Fig. 2 is a schematic view illustrating an example of time-varying traffic demands in cellular backhaul networks, Fig. 3 is a schematic view illustrating an example of link capacity upgrading to accommodate access traffic, is a schematic view illustrating an example of link capacity downgrading to save wasted link capacity, is a schematic view illustrating an example of stepwise incremental leasing cost of leased capacity, is a schematic view illustrating the basic architecture of a system in accordance with embodiments of the present invention, is a diagram illustrating components of a system for performing stability- and capacity-aware time-dependent routing in a transport network in accordance with an embodiment of the present invention, and is a diagram illustrating method steps for performing stability- and capacity-aware time-dependent routing in a transport network in accordance with an embodiment of the present invention.

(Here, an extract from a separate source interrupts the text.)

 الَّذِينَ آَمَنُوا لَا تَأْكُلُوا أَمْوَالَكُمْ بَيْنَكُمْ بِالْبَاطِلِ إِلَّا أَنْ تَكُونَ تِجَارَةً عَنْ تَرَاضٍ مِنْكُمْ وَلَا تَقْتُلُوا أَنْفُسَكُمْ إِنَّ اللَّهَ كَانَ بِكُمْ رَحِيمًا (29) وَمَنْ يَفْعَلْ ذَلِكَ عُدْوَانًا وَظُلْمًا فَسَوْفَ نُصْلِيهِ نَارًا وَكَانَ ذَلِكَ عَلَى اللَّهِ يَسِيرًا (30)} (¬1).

A system architecture in accordance with an embodiment of the present invention is depicted in Fig. 6. An integral part of the system according to this embodiment is a centralized management component 1 , for instance a Backhaul Resource Manager, BRM. The management component 1 includes a topology database 2 storing the topology of a transport network 3, which comprises a number of network nodes (switches and/or routers) 4 with routing path established between them. The management component 1 further comprises a path database 5 storing the currently allocated routing paths, as well as traffic matrices 6 indicating traffic demands (potentially differentiated by QoS class) in each time slot. Finally, the management component 1 comprises a resource leasing database 7 the functionality of which will be described in more detail below. The centralized management component 1 may be implemented as a logical functional entity and could physically be part of the NMS (Network Management System) 8 or an independent entity. In any case, all database information is fed to a paths computation engine 9, that is the paths computation engine 9 retrieves information from the databases 2, 5, 6 and 7, as required, in order to compute an optimal path for each traffic demand of the traffic matrix in each time slot, as will be described in detail hereinafter. The computed routing paths can be provisioned to the network equipment of the transport network 3, e.g. routers and switches 4, via a southbound control interface 10 or via the NMS 8 directly.

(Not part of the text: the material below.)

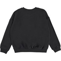 Maja ist ein schwarzes Sweatshirt mit gesticktem Pferdedruck auf der Vorderseite und dem Text 'Stay wild'. Das Sweatshirt hat einen gerippten Rand an Hals, Saum und Ärmelabschluss.

Embodiments of the invention can be applied in legacy networks using open shortest path first (OSPF) or similar routing protocols. Embodiments of the invention can also be applied in the context of software-defined networking (SDN). Fig. 7 is a diagram illustrating components of a system for performing stability- and capacity-aware time-dependent routing in a transport network in accordance with an embodiment of the present invention. In addition to the common traffic engineering performance metrics like, e.g., network throughput and link utilization ratio, the illustrated embodiment of the invention further considers minimizing the total leased network link capacity in all time slots.

The key component of this embodiment is stability- and capacity-aware time- dependent routing mechanism, as shown at 701. As illustrated in Fig. 7, the proposed routing method according to this embodiment keeps the resource consumption of each network link as stable across different time slots as necessary (that is within certain stability boundaries that enable an instantaneous or a quasi-instantaneous adaptation by leasing or de-leasing link capacity from an infrastructure operator) and takes into account the stepwise incremental cost of link capacity leasing, with the objective to minimize the overall leased network link capacity in all time slots, as indicated at 702. Particularly, both the time granularity limitations (as shown at 703) and the capacity granularity limitations (as shown at 704) of network link/capacity leasing are taken into consideration in this embodiment. Fig. 8 is a diagram illustrating method steps for performing stability- and capacity- aware time-dependent routing in a transport network in accordance with an embodiment of the present invention. As shown in Fig. 8, the method for stability- and capacity-aware time-dependent routing in transport networks according to this embodiment comprises the following operations:

As indicated at 801 , time-dependent load information is collected, e.g. derived from historic data and/or based on traffic predictions/estimations, and based on the respective dynamic traffic demands traffic matrices are constructed for each time slot as shown at 802. This step may be carried out independently for different QoS classes, i.e. there could be multiple matrices per time slot, e.g. one matrix per QoS class. For instance, a differentiation between three QoS classes may be provided, e.g., voice, video and best effort traffic. The traffic matrices may be stored in the traffic matrices database 6 of the management component 1 illustrated in Fig. 6.

Furthermore, the network resource leasing information is collected, including capacity- and time granularity and the stepwise incremental cost function of network resource leasing, as indicated at 803. This information may be stored in the resource leasing database 7 of the management component 1 illustrated in Fig. 6.

Still further, as indicated at 804, network topology and network path information is provided, which may be stored in the respective databases 2 and 5 illustrated in Fig. 6.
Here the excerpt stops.